Matches the GPOTABLE tag

derive_nodes(xml, processor=None)

matches(xml)

regparser.tree.xml_parser.preprocessors module

Set of transforms we run on notice XML to account for common inaccuracies in the XML

class regparser.tree.xml_parser.preprocessors.ApprovalsFP

Bases: regparser.tree.xml_parser.preprocessors.PreProcessorBase

We expect certain text to an APPRO tag, but it is often mistakenly found inside FP tags. We use REGEX to determine which nodes need to be fixed.

REGEX = <_sre.SRE_Pattern object at 0x3d997a0>

static strip_extracts(xml)

APPROs should not be alone in an EXTRACT

transform(xml)

class regparser.tree.xml_parser.preprocessors.ExtractTags

Bases: regparser.tree.xml_parser.preprocessors.PreProcessorBase

Often, what should be a single EXTRACT tag is broken up by incorrectly positioned subtags. Try to find any such EXTRACT sandwiches and merge.

FILLING = (u'FTNT', u'GPOTABLE')

combine_with_following(extract, include_tag)

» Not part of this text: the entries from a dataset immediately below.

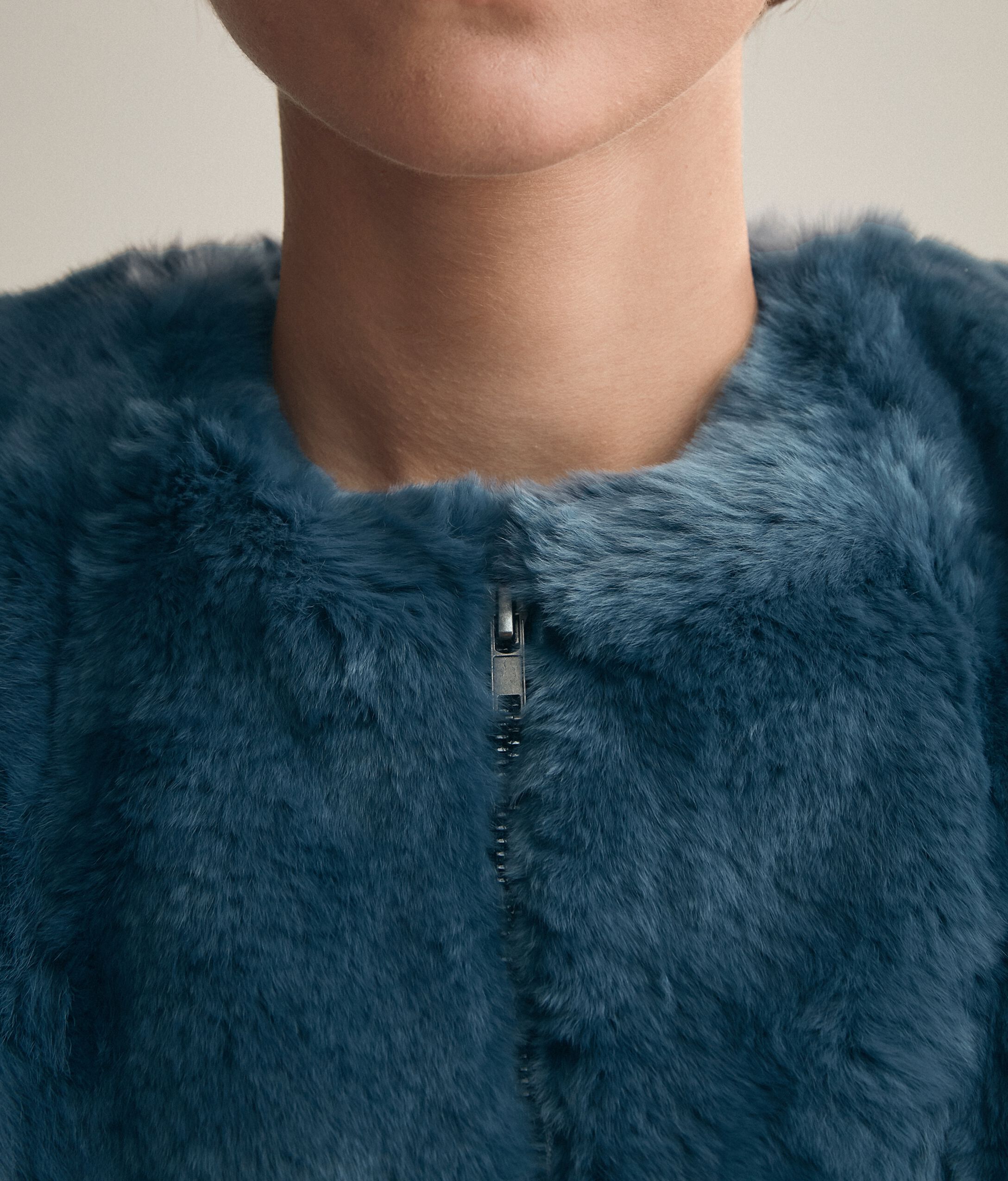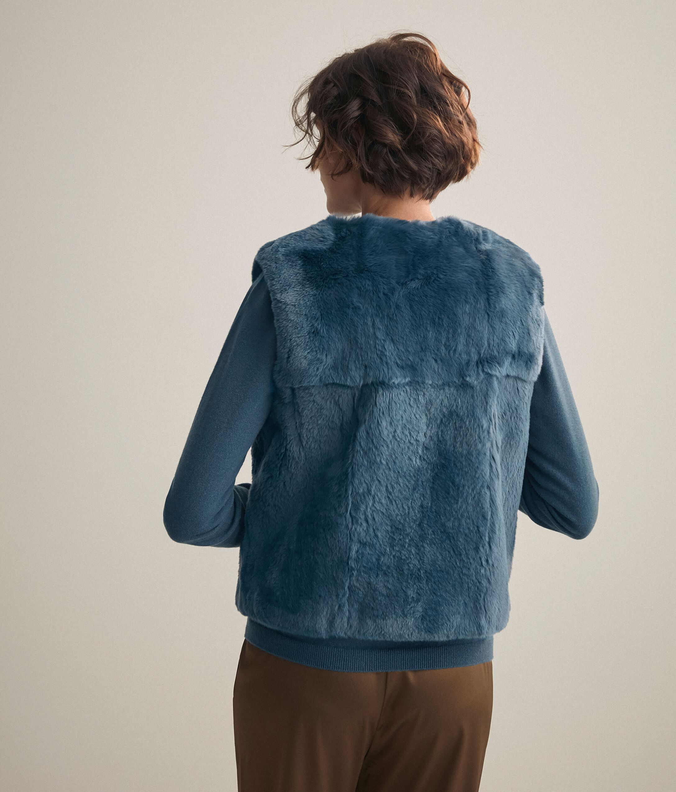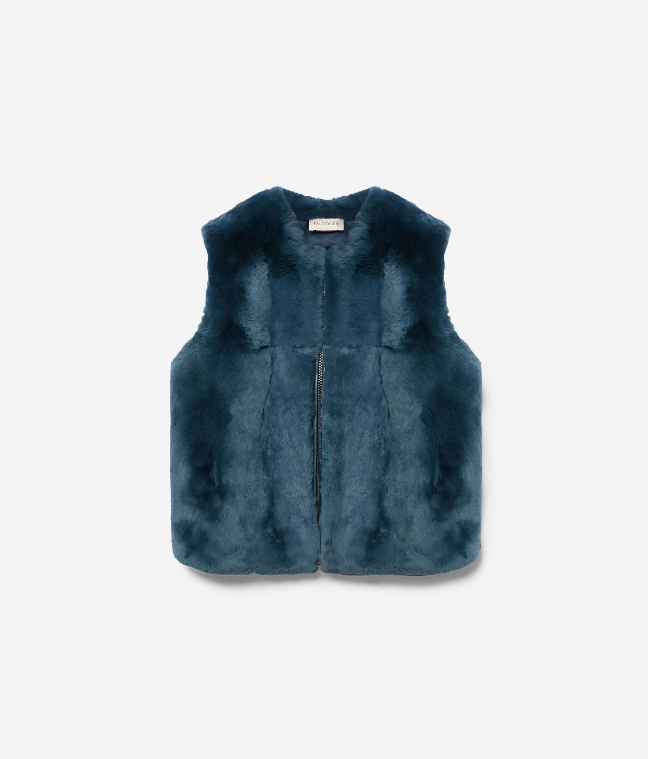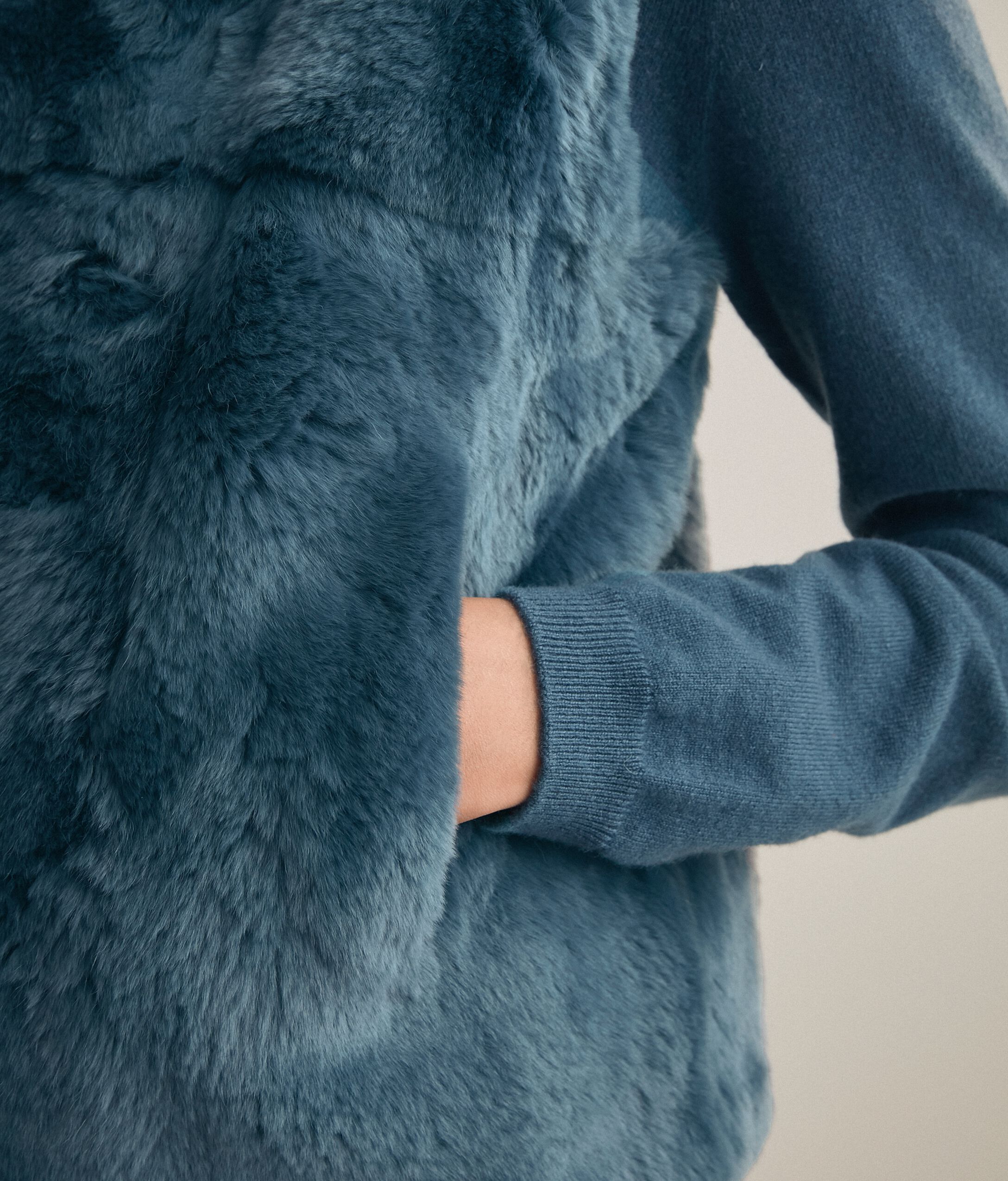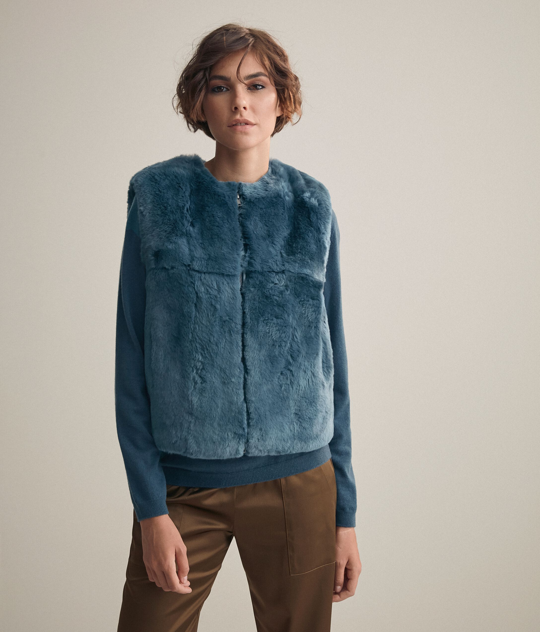Gilet corto realizzato in pelliccia di Rex con chiusura a zip. La vestibilità è asciutta. La modella è alta 179 cm e veste una taglia M
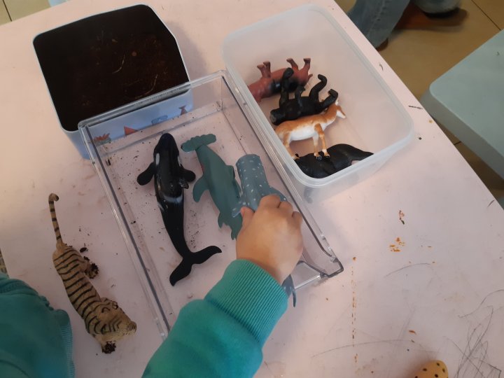 משחק ים- יבשה בו ממיינים חיות לים (מים בקערה) ויבשה (אדמה מעציץ)
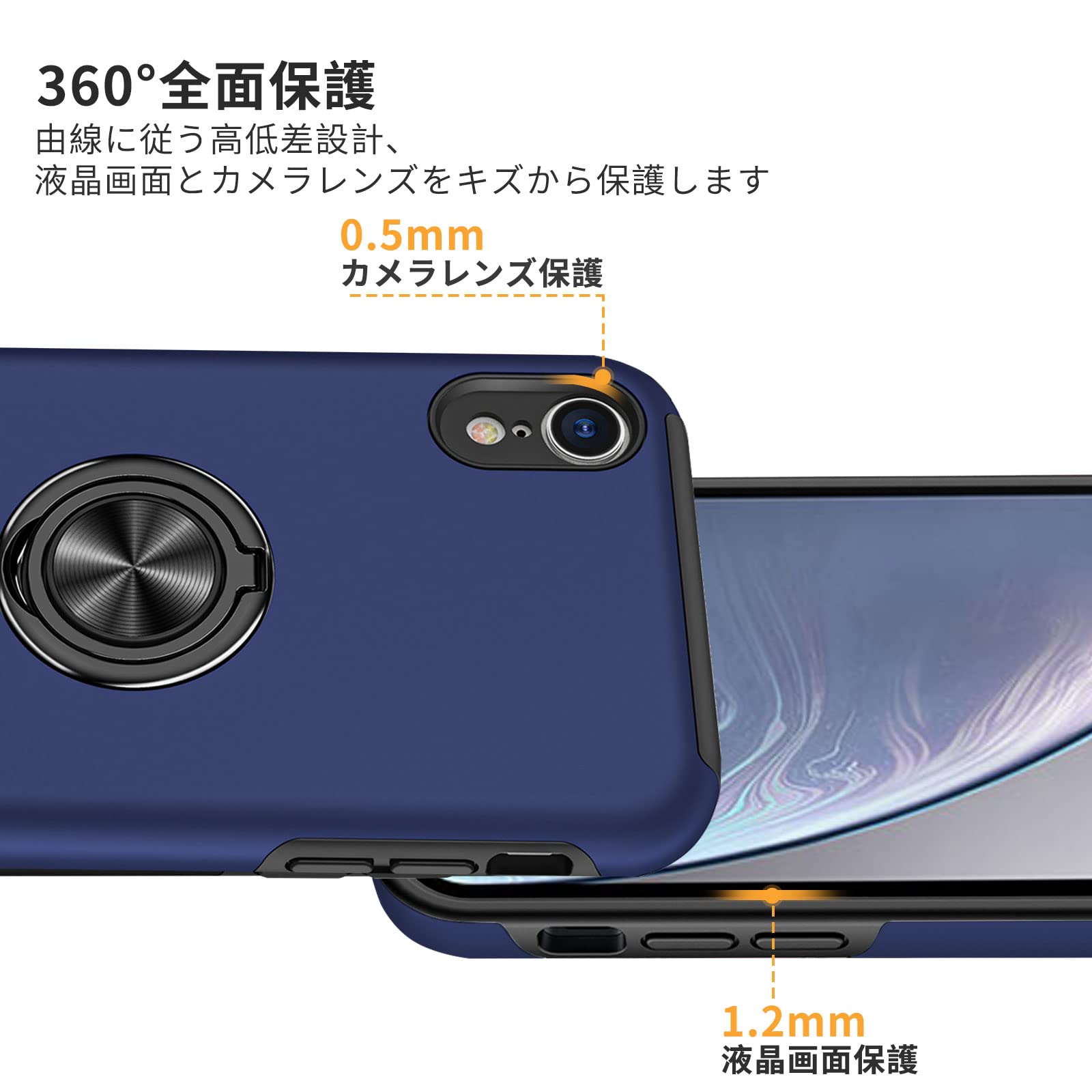 Jaligel iPhone XR ケース iPhone 10r ケース リング付き 耐衝撃 落下衝撃吸収 TPU PC 車載ホルダー対応 スタンド機能 スマホケース 防塵 滑り止め 落下防止 擦り傷防止 取り出し易い 一体型 全面保護カバー アイフォンケース 旅行 オフィス 室内 アウトドア 6.1インチ アイフォンxr カバー(青)

We need to merge an extract with the following tag. Rather than iterating over the node, text, tail text, etc. we’re taking a more naive solution: convert to a string, reparse

extract_pair(extract)

Checks for and merges two EXTRACT tags in sequence

sandwich(extract)

Checks for this pattern: EXTRACT FILLING EXTRACT, and, if present, combines the first two tags. The two EXTRACTs would get merged in a later pass

static strip_root_tag(string)

transform(xml)

class regparser.tree.xml_parser.preprocessors.Footnotes

Bases: regparser.tree.xml_parser.preprocessors.PreProcessorBase

The XML separates the content of footnotes and where they are referenced. To make it more semantic (and easier to process), we find the relevant footnote and attach its text to the references. We also need to split references apart if multiple footnotes apply to the same <SU>

IS_REF_PREDICATE = u'not(ancestor::TNOTE) and not(ancestor::FTNT)'

XPATH_FIND_NOTE_TPL = u"./following::SU[(ancestor::TNOTE or ancestor::FTNT) and text()='{0}']"

XPATH_IS_REF = u'.//SU[not(ancestor::TNOTE) and not(ancestor::FTNT)]'

add_ref_attributes(xml)

Modify each footnote reference so that it has an attribute containing its footnote content

static is_reasonably_close(referencing, referenced)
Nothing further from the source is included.